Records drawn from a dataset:
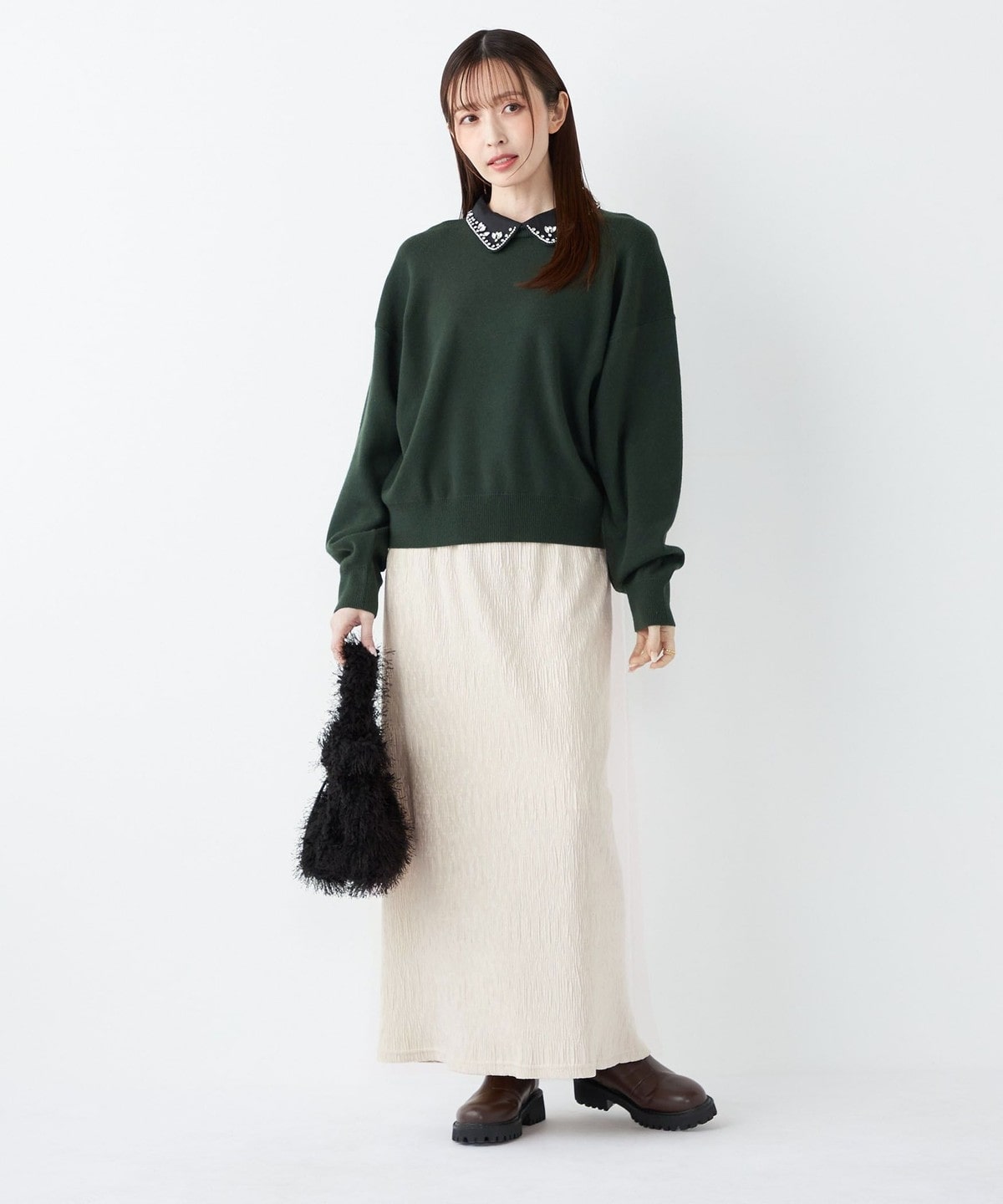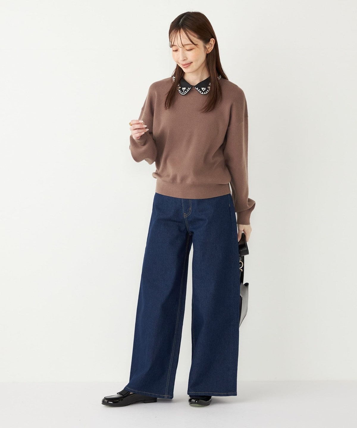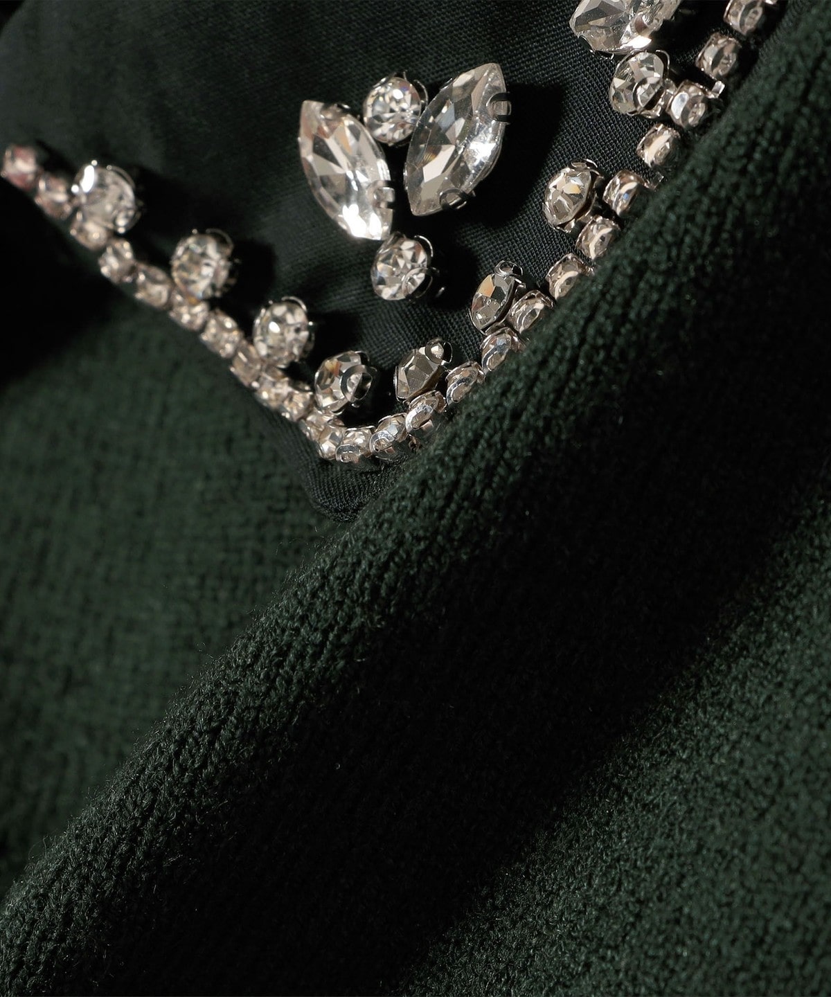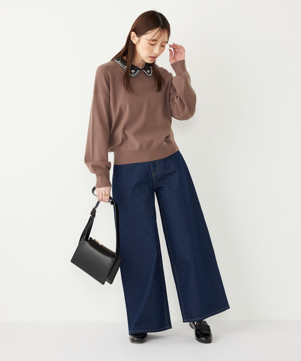 ベーシックながらも、襟元のビジューがアクセントになるニット。
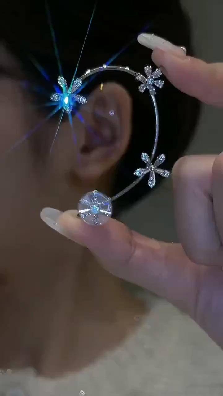 2Pcs Rotatable Snowflake Ear Cuffs Wrap Earrings for Women, Non-Pierced Earrings Jewelry
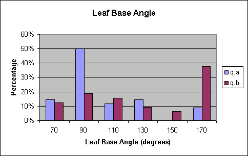 Overall, the q.b. leaves are clearly green, with no modifier for the color. The q.x.a. leaves could be described as gray-green, dark-green, or milky-green. However, note the similarity of the colors at times, even as seen by the camera, from different perspectives.
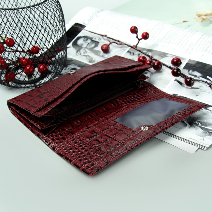 Кошелёк женский на клапане, 2 отдела, отдел для карт, отдел для монет, бордовый кайман
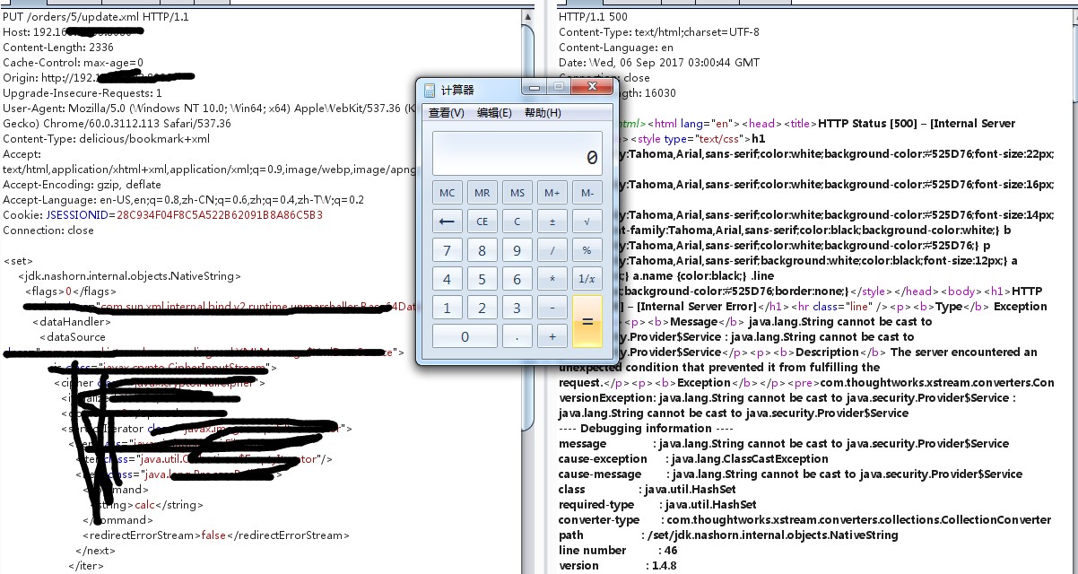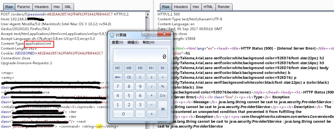 成功弹出计算器,这也就验证了我们的想法。同时通过两个不同poc的比较,我们也能发现一些端倪,Content-Type支持xml的几种格式,POST请求,PUT请求,GET请求甚至是自定义请求都是能触发漏洞,我们可以将poc中

Problem to solve
Start with the line that holds "Кошелёк женский на" and retype each line through the last one in the data, exactly and without pictures.

Written answer
 Кошелёк женский на клапане, 2 отдела, отдел для карт, отдел для монет, бордовый кайман
 成功弹出计算器,这也就验证了我们的想法。同时通过两个不同poc的比较,我们也能发现一些端倪,Content-Type支持xml的几种格式,POST请求,PUT请求,GET请求甚至是自定义请求都是能触发漏洞,我们可以将poc中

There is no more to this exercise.